Я вынес свою страсть на улицу, я каждый вечер уходил в город, смотрел в глаза женщинам, брал их, и с ужасом утром видел дома недосягаемую для меня святость.
И вот однажды на перекрестке меня позвала женщина со слащавым акцентом. Беспомощность ее меня пленила. Она не могла почему-то пригласить меня к себе, и мы поехали к загородному вертепу, но на дороге она, прижавшись горестно, не вытерпела и рассказала все. Самое ужасное выходило из ее уст приторным.
Она девушка. Брат заголодал. Нельзя ли завезти ему денег. Они жили раньше у фабриканта. Что там было. Как он умер.
Это была Фуя. Брат — Филин.
В ту же ночь нас было уже пятеро. Я без труда настоял на том, чтобы тело у нас было общим. Но одиночества моего это не убило.

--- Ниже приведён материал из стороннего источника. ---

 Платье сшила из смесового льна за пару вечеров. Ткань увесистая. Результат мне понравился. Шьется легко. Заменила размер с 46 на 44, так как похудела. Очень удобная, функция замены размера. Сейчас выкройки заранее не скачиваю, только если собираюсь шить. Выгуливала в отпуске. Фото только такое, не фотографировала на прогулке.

Дом наш был скрипучий и серый, осевший на все бока и каждую ночь ронявший с глухим треском кусочки резных украшений снаружи. Главная комната, слишком низкая для своих размеров, имела три слезливые окна в пустырь. Тут посередине лежало все наше имущество. Деревянного, кажется, ничего не было. И посуды почти. Были занавеси на окнах, матрацы и мягкое. Мягким назывались большие одеяла, юбки, пальто и куски тканей, рваных, но цветных — ах, это единственное было цветное в нашем быту, а так хотелось цветного, яркого, бархатного желтого или синего шелкового. Откуда взялись эти цветные куски — не знаю. Может быть, их купили на деньги Дряни. Но любили их все очень и брали поочередно.

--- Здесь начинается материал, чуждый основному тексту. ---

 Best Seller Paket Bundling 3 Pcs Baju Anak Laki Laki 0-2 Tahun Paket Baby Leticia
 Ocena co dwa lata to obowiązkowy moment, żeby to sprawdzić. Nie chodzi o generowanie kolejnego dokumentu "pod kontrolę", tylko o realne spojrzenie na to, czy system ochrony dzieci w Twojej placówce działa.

Все-таки было достаточно уютно. Днем все, как чужие, работали по углам, поодиночке приходя к Дряни, гению нашего очага, заглушать голод. Мы стыдились есть. У нас не было сладострастия еды, этого открытого разврата, пустившего такие длинные корни в недра самых честных семей, если только семья может быть честной.
В сумерки уж кто-нибудь был на ложе треокой комнаты. Чаще всего нежный мальчик. Он был душой нашего десятирукого, пятиголового тела. Его глаза всегда улетали сквозь твою душу в даль, которая всех влечет мучительно и сладко, а его прямо поглощала. Дрянь была ему матерью, но вся ее жизнь свелась к одной мечте: стать ему женой так, чтобы он сознал это. Она приходила к нему и, жадная, творила любовь. Но слезы его, обычные у него в последующий миг умирения, пила не она, а Фуя, сестра ему и мать Филину. Ей Филин не хотел быть сыном и бунтовал, как птица в ветках, в спокойных берегах ее эпической, растительной натуры. Она была тиха для него, и очень часто второе таинство свершали он и Дрянь, согревая друг друга избытками неудовлетворенной с милым страсти. Я в одиночестве смотрел в пустырь, поил уставших и учился знать, как человеческое связано с телесным. Дрянь подползала ко мне третьему, а Филин звал Фую. Тогда мальчик тосковал и пел свою странную песню:
И плакал. Все отрывались от своего на время песни, и так сидели мы на куче мягкого с вытянутыми шеями и летящими глазами на высоте подоконников, а сумерки текли, и капали черные капли вечерней тьмы.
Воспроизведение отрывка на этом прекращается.